Further, if they do not withdraw any positions, then it turns out that the chip is really in the plum.
My calculation is in the excel, enclosed. Maybe someone will check it out for fun.
My calculation is as follows.
Probability of take = 0.45. When you take it, the depo doubles. What is the probability that the virtual deposit will double 7 times (become equal to 128)? It is 0.45 ^ 7 (events are independent, rule of probability multiplication) = 0.003736695. If this happens, the profit will be 128 - 1 = 127. Real equals 127, to double it, the virtual deposit needs to be drained 127 times (not including the spread for the real).
According to Bernoulli's scheme.
We flip a coin 7 times (P for heads = 0.55; P for heads = 1 - 0.55 = 0.45). What is the probability that at least one tails will fall. This is the opposite of the event where no tails will fall - all heads will fall. Equals 1 - P of heads ^ 7 = 1 - 0.45 ^ 7 = 1 - 0.003736695 = 0.996263305.
Next, we repeat the series of 7 coin tosses 127 times. Somehow we have to do the math...

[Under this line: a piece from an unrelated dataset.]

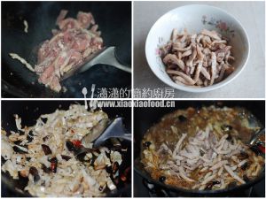 炒锅放1匙油,略烧热后,下肉丝翻炒,炒到肉丝变白后立刻起锅。

it occurs to me that if a brokerage firm hedges by opening reverse positions on an exchange, they pay a commission
Ы? And why reverse?
I didn't think about it, but in any case it's the spread that's losing (this is not a statement, this is a belief imposed on me) )

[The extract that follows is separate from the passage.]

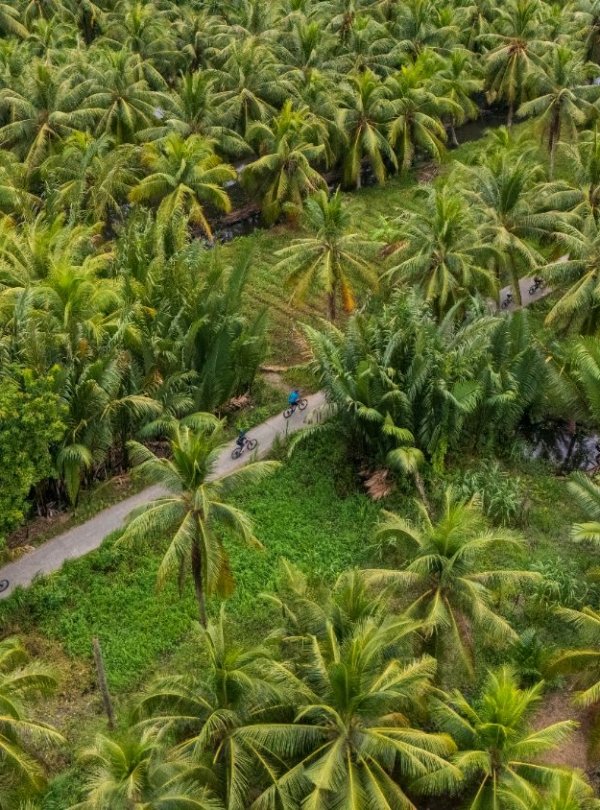 After breakfast, we will take a short boat trip to Coconut island. The cycle tracks today on the first 40 kms of the journey are unique gravel and concrete trails through coconut plantations and lemon grass fields. We will pass through charming Mekong Delta villages and cycle past traditional delta style homes that have been used as communal family residences for generations.

ZZZY: otherwise it turns out the spread only drains reverse trades
ZZZY: the thought was not considered and vyplunta, if many lose, then why DC open hedging position in the same direction? The benefit is the difference in commission, they get more from the client than they give when they open (not a fact) a position. In this case, the option either do not open any positions or work against (just my thought).
But in any case it is the spread that makes you lose (this is not a statement, it is a belief imposed on me) )

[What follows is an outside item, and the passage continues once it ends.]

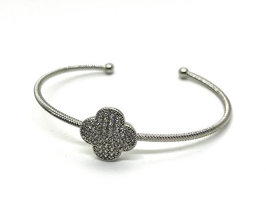 Embrace refined radiance with this gold cuff adorned with a white topaz clover, a piece that blends symbolism, elegance, and modern luxury. The sleek Sterling Silver cuff offers a polished, sculptural silhouette, while the sparkling white topaz clover centerpiece adds a touch of brilliance and good fortune. Sophisticated, timeless, and impeccably crafted—this is a piece made to be treasured.

No, why? It's enough to put all the losses into the final spread and keep a little for yourself :) .
Spread translates as something you spread on bread ))))
Spread is what you spread on bread ))))
Yeah, I calculated the impact of the spread on the real account (within the same system). It turns out that it makes the weather. The more steps of doubling the losing depo, the more spread eats up, and, for example, if spread is only 1% of passed corridor, then after 5 steps of doubling and 6th step of losing, the real account will not have +1 lost virtual, but -0,26. That is not even to the plus of the whole series. It gets worse from here. In short, the spread spoils the whole thing...
Yes, that's why I gave up martin.
SZS: we need as little open positions as possible, or rather we need a small turnover...
Yeah, that's why I gave up martin. Thank God it was stopped in time.
SZS: you need as few open positions as possible, or rather you need a small turnover
That's fantastic. In order to lose with small turnovers you need to guess the price direction, which is tautological for an earning EA.
The fastest way I cited is doubling the lot, losing on the first tails (or eagle) in the series. The rest is stretching the drain.